6. Per la rilevazione dell'espressione genica delle cellule satelliti marcatore, utilizzare primer per proteina accoppiati casella 7 (Pax7) e M-cadherin (Cdh15) (Vedi allegato Tabella materiali).
7. Per la rilevazione dell'espressione genica delle cellule endoteliali marcatore, utilizzare primers per claudin-5 (Cld5), occludin (Ocln) e della zonula occludens-1 (Tjp1 o ZO1) (Vedi allegato tabella materiali).
8. Come gene di riferimento per 18s rRNA, utilizzare un primer con assorbimento di 538 nm e un'emissione di lunghezza d'onda di nanometro 554.
9. Preparare un mastermix qPCR per ogni gene di interesse con il rispettivo primer. Mastermix contiene: 10 µ l tampone qPCR (2x), 1 µ l di Primer per il gene di interesse (10 µM), 1 µ l di Primer per 18s rRNA e 4 µ l di nucleasi acqua gratis.
10. Aggiungere 16 µ l del mastermix in un unico pozzetto di una piastra a 96 pozzetti di reazione. Aggiungere 4 µ l di cDNA (ottenuto dal passaggio 5.3.2.) a ben contenente il mastermix.
11. Utilizzare un cycler PCR in tempo reale esecuzione seguendo passi: che tiene il palco con 50 ° C per 2 min e 95 ° C per 10 min. fase di escursioni in bicicletta con 40 cicli di 95 ° C 15 s e 60 ° C per 1 min.

Representative Results

Un giorno dopo l'isolamento, MMEC murino primario e residuo altre cellule formano conglomerati e aderiscano alla parte inferiore di piastre di coltura (Figura 1A giorno 1). Da giorno 7, si possono osservare cellule piatte e allungate. Tuttavia, la contaminazione di altri, principalmente cellule di sferoide, è ancora visibile (Figura 1A giorno 7). Così, un altro ciclo di CD31 positivi selezione tramite MCS è richiesto. Qui di seguito, MMEC murino primario proliferano ad una densità di circa 80 – 90%. Al momento di confluenza in genere formano un monostrato non sovrapposti di cellule allineati longitudinalmente (Figura 1A giornata 14). Proliferazione si arresti al confluenza a causa di inibizione per contatto. Dopo 14 giorni circa 5 – 10 x 10⁵ celle può essere utilizzato per ulteriori indagini.
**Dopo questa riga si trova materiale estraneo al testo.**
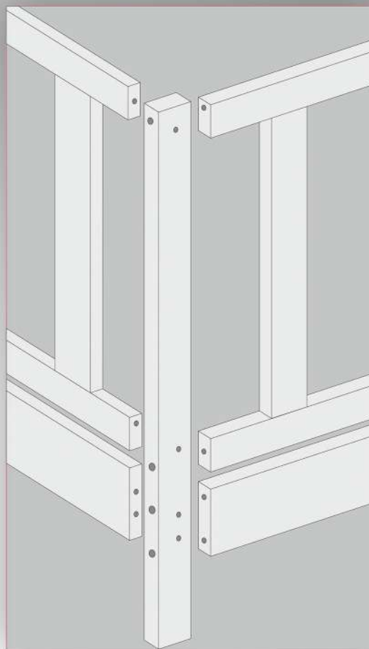
Узел сборки 2
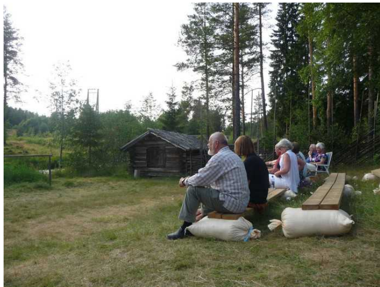
Folk begynner å komme.
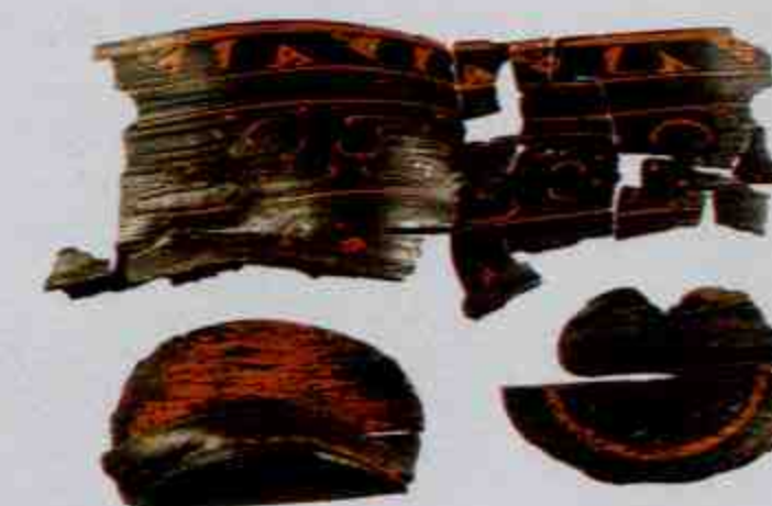
漆卮 Lacquered Zhi Wine Vessels
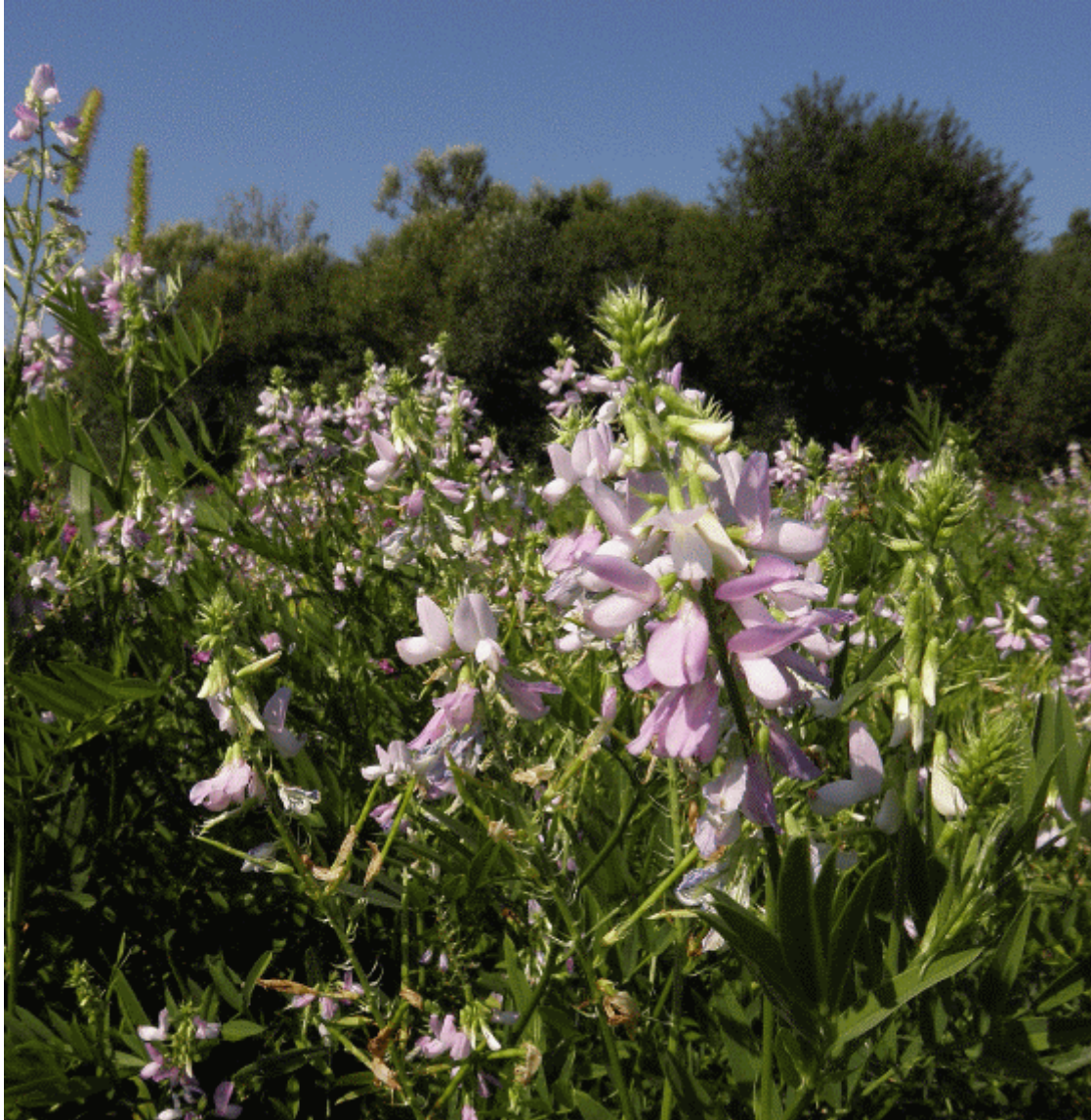
Abb. 4: Die submediterran verbreitete Geißraute ( Galega officinalis) im Stremtal bei Urbersdorf. / The mainly submediterranean distributed french lilac ( Galega officinalis) in the Strem-valley near Urbersdorf. 26.08.2011
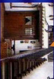
Rte. El Callejón de los Gatos C/ Guzmán El Bueno s/n
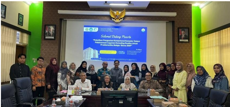
Gambar 5. Kegiatan pelatihan layanan dalam meningkatkan kemampuan konselor untuk layanan konseling realita
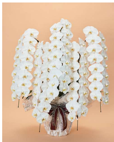
特別サイズ 5本立 (80輪)
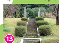
13 モーゼパーク 能登のミステリアススポット 「ほっと石川旅ねっと」サイト内参照
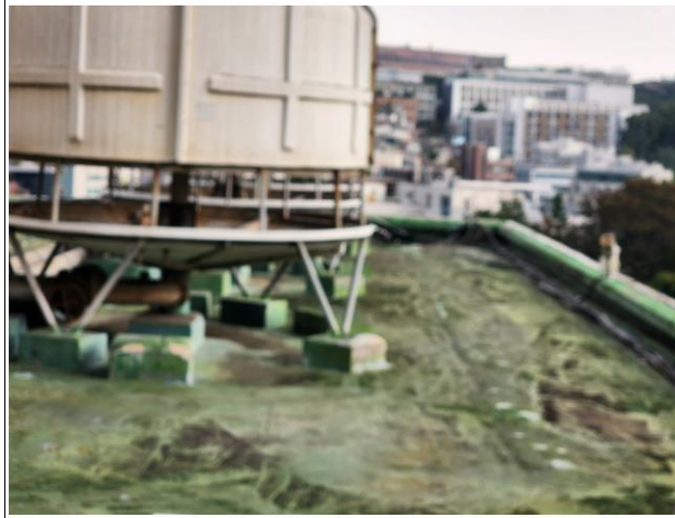
패드 및 파라넷 상단까지 방수면 형성
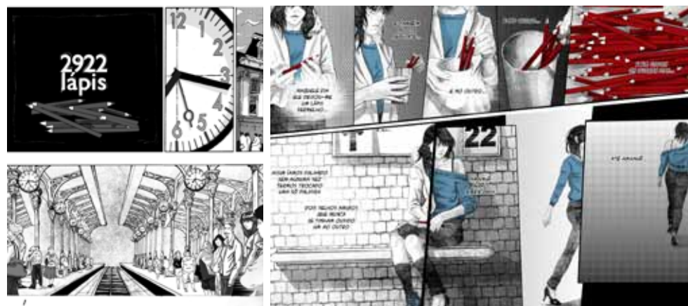
Ilustração de um pequeno conto em formato de banda desenhada.
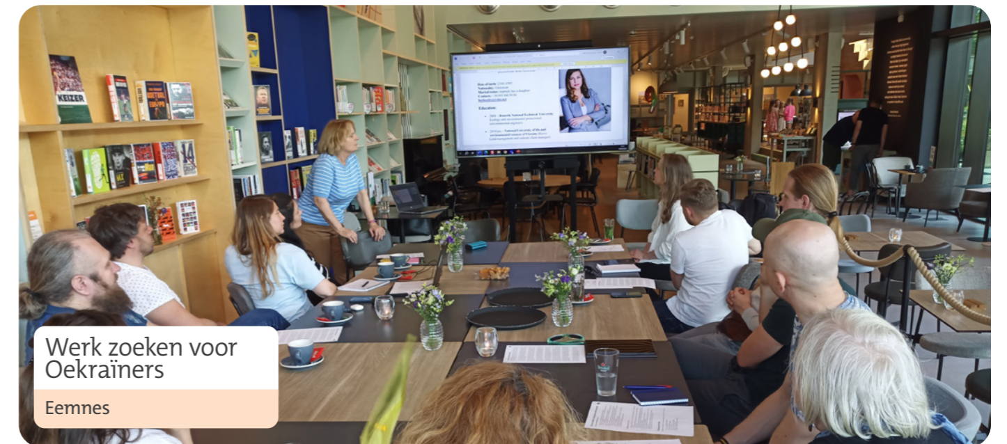
Werk zoeken voor Oekraïners Eemnes

NetWERK – werkzoeken voor Oekraïners - was afgelopen jaar in Eemnes, Huizen, Bussum en Naarden.
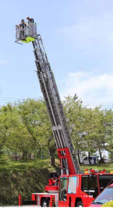
「水路付はしご自動車体験」
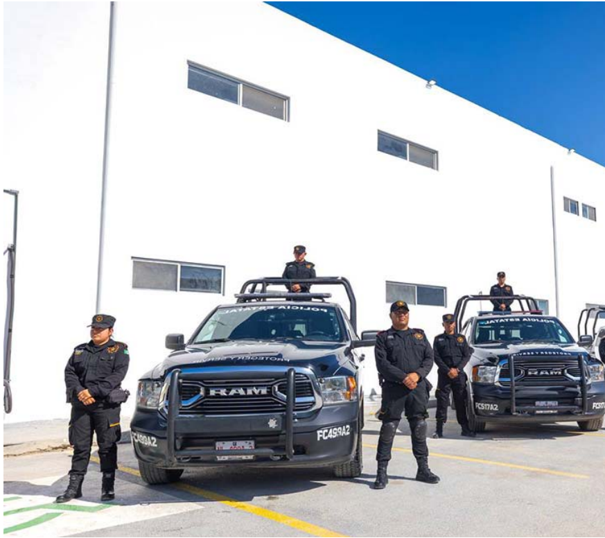
En el lugar se contará con el despliegue de 350 elementos de la corporación.

“Con Coahuila, afortunadamente lo hacen muy bien de aquel lado. Y esto lo que nos tiene que garantizar es que al ya
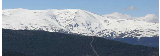
Picón de Jerez
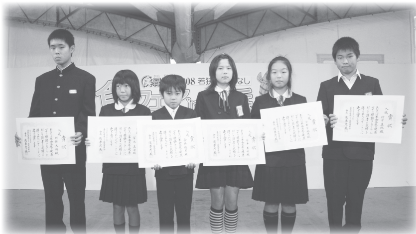
△受賞された皆さん(一部)

入賞された作品は、はあとぴあにて展示し、町の健康指標としても活用させていただきます。
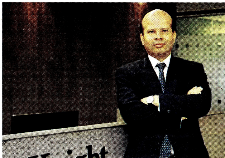
Holland & Knight

Esa claridad también se materializa en los contratos y permite que la seguridad jurídica también fortalezca la posición de los inversionistas.
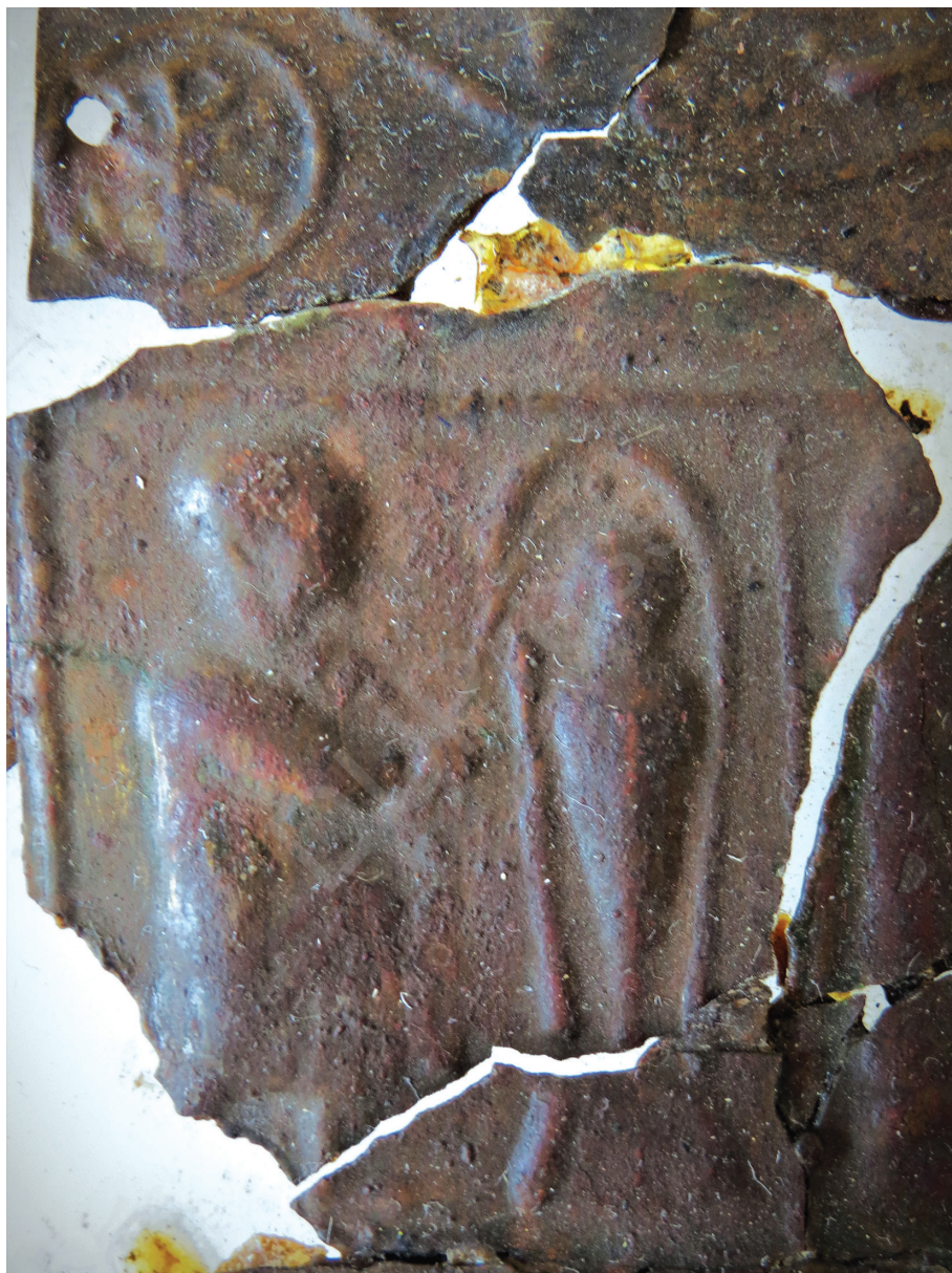
11. kép: Lázár feltámasztása, részlet
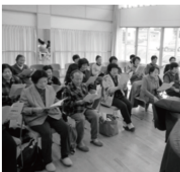
▲元氣よく唱歌を歌う学級生たち

Controllo qualità tramite flusso cytometry utilizzando risolvibile attuabilità colorante FVD780 (a macchiare per le cellule morte), PECAM1 (CD31) e PTPRC (CD45, come indicatore per le cellule di origine ematopoietica) hanno mostrato i valori sia di redditività e di purezza che vanno circa il 70% per le celle subito dopo l'isolamento (Figura 2A). Le cellule coltivate dopo un altro CD31 selezione positiva tramite MCS, hanno mostrato soddisfare i valori per la purezza per quanto riguarda la redditività che vanno fino a 95% ciascuno (Figura 2B).

Per valutare l'accuratezza della selezione passaggi, ottenute cellule ulteriormente sono stati studiati per l'espressione genica della muscolare delle cellule satelliti marcatore geni associati casella proteina 7 (Pax7) e M-cadherin (Cdh15) il livello di mRNA mediante PCR quantitativa (qPCR). MMEC murino primario (pmMMEC) e cellule di muscolo murino primario differenziato (pmMC) sono state utilizzate come controlli negativi e positivi, rispettivamente. Cellule muscolari murino commercialmente sono state acquistate. Come previsto, solo il CD45^– CD31 frazione^– , come pure il pmMC espresso Pax7 e Cdh15, mentre CD45^– CD31⁺ e il MMEC murino primario erano negativi per questi indicatori (Figura 2).

CE derivato dai capillari nell'endomisio del muscolo scheletrico express stretta della giunzione proteine ^4,5. Utilizzando qPCR, l'espressione del claudin-5 (Cld5), occludina (Ocln) e della zonula occludens-1 (Tjp1 o ZO1) di confluenti MMEC murino primario dopo il MCS CD31 secondo passo è stata valutata. PmMC sono stati utilizzati come controlli (Figura 2D). MMEC murino primario espresso gli alti livelli di Cld5, Ocln e Tjp1, mentre pmMC mostrano solo bassa espressione di Tjp1. Inoltre, immunofluorescenza che macchia come controllo di qualità ha confermato l'espressione di superficie di endotelio specifici marker PECAM1 in MMEC murino primario (Figura 2E).

Figura 1: morfologia del primario murino MMEC. (A) immagine rappresentativa della coltura primaria MMEC murino di microscopia di contrasto di fase da 1 a 14 giorni. D1 = giorno 1, d7 = giorno 7, d14 = giorno 14. Clicca qui per visualizzare una versione più grande di questa figura.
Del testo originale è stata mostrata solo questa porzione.